Russia Still Migrant Magnet Even as Wages Stay Below China’s

Russian Migrant Workers file photo

(Bloomberg – bloomberg.com – Olga Tanas – April 19, 2017)

The vast pool of labor across Russia’s porous borders is relieving strains in the labor market, helping drain the economy of inflationary pressure as it accelerates after almost two years of recession.

A steady flow of arrivals has continued even as shrinking wages and Russia’s worst currency crisis since 1998 pushed the cost of labor below the level in other major emerging economies like Brazil and China. In 2015, Russia tied Germany for second worldwide by hosting 12 million international migrants, according to a report published by the United Nations. Last year’s net increase reached more than 260,000, statistics service data show.

“If Russian wages were attractive for migrants even in 2015-2016, migration into Russia will likely continue once the Russian economy starts growing sustainably,” Sberbank CIB analysts including Anton Stroutchenevski said in a report.

Data on Tuesday showed unemployment unexpectedly declined in March to 5.4 percent, the lowest this year, from 5.6 percent a month earlier. Real wages rose 1.5 percent, less than forecast by economists surveyed by Bloomberg, while retail sales shrank on an annual basis for a record 27th month.

The labor market, stretched by an aging population and poor demographics, has absorbed millions of workers from across the former Soviet Union even as Russia’s economic boom went bust after the crash in commodity prices. With the ruble down 40 percent since mid-2014, salaries in Russia became “broadly competitive” with China’s for the first time since the tsarist era ended a century ago, according to Renaissance Capital.

A decline in the nominal exchange rate brought manufacturing wages in Russia about 30 percent to 35 percent below earnings in China in 2015-2016, central bank First Deputy Governor Ksenia Yudaeva said last week. After gains in the ruble, and assuming no changes in China, increases in Russian salaries this year will still keep them lagging behind China’s level by about 20 percent, she said.

As real wages turned positive last year after declining for 15 months, the central bank increasingly focused on the threat to inflation from higher earnings. But in its two statements after rate meetings this year, the Bank of Russia made clear the risk is no longer in sight.

In March, after cutting borrowing costs for the first time in six months, policy makers repeated a phrase already used in February, saying “the observed annual rise in real wages fosters gradual growth in consumer activity without posing an additional pro-inflationary pressure.”

Migrants now account for 5 percent to 7 percent of the labor market, according to Yaroslav Kuzminov, rector of the Higher School of Economics in Moscow.
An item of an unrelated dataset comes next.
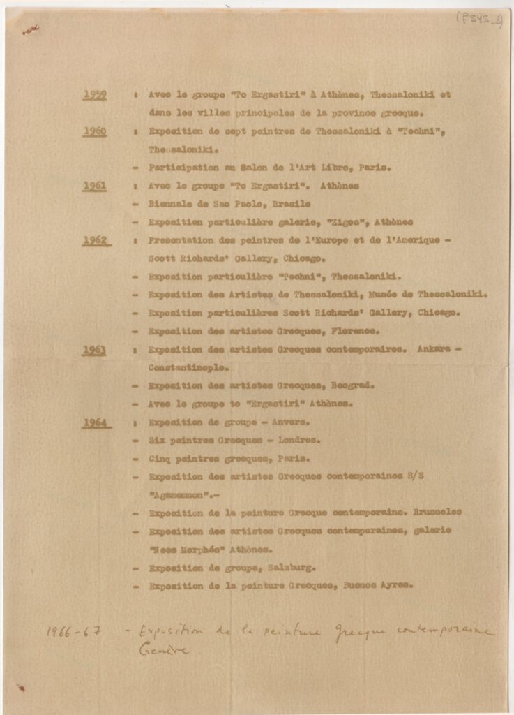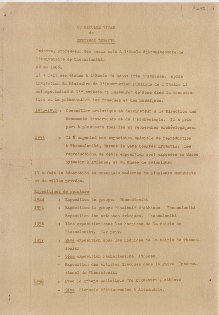 Φωτοαντίγραφο, δακτυλόγραφο, χαρτί, 2 φφ, 29,5×21 εκ., στα γαλλικά, βιογραφικού του Χρήστου Λεφάκη. Περιέχει σε χρονολογική σειρά καλλιτεχνική δραστηριότητα και εκθέσεις. Φέρει επιγραφές.

Russia’s working population averaged 76.6 million last year, unchanged from 2015.

Given the country’s demographic outlook, Russia will be relying on migrants for years to come. Over the next 15 years , the working population will shrink by about 10 million, said Alexei Kudrin, who was finance minister in 2000-2011.

“Real wage growth would have to stem from an improvement in labor productivity, as there will be more than enough labor supply to meet any increased demand,” Sberbank CIB economists said in the report. “Therefore, the labor market should not pose much of an inflationary risk.”

China, North Korea, Vietnam, Turkey and Serbia were the biggest suppliers of labor from outside the former Soviet republics in the last three months of 2016, according to the Federal Statistics Service.

With competition for workers growing more intense, Russia must stop treating “human capital similar to oxygen — something there’s a lot of and which comes at no cost,” said Kuzminov from the Higher School of Economics.

“Starting from 2020, we might see the migration factor make a negative contribution because we’ll be facing a tough rivalry for labor migrants from Asian countries,” he said. “It will become a real threat.”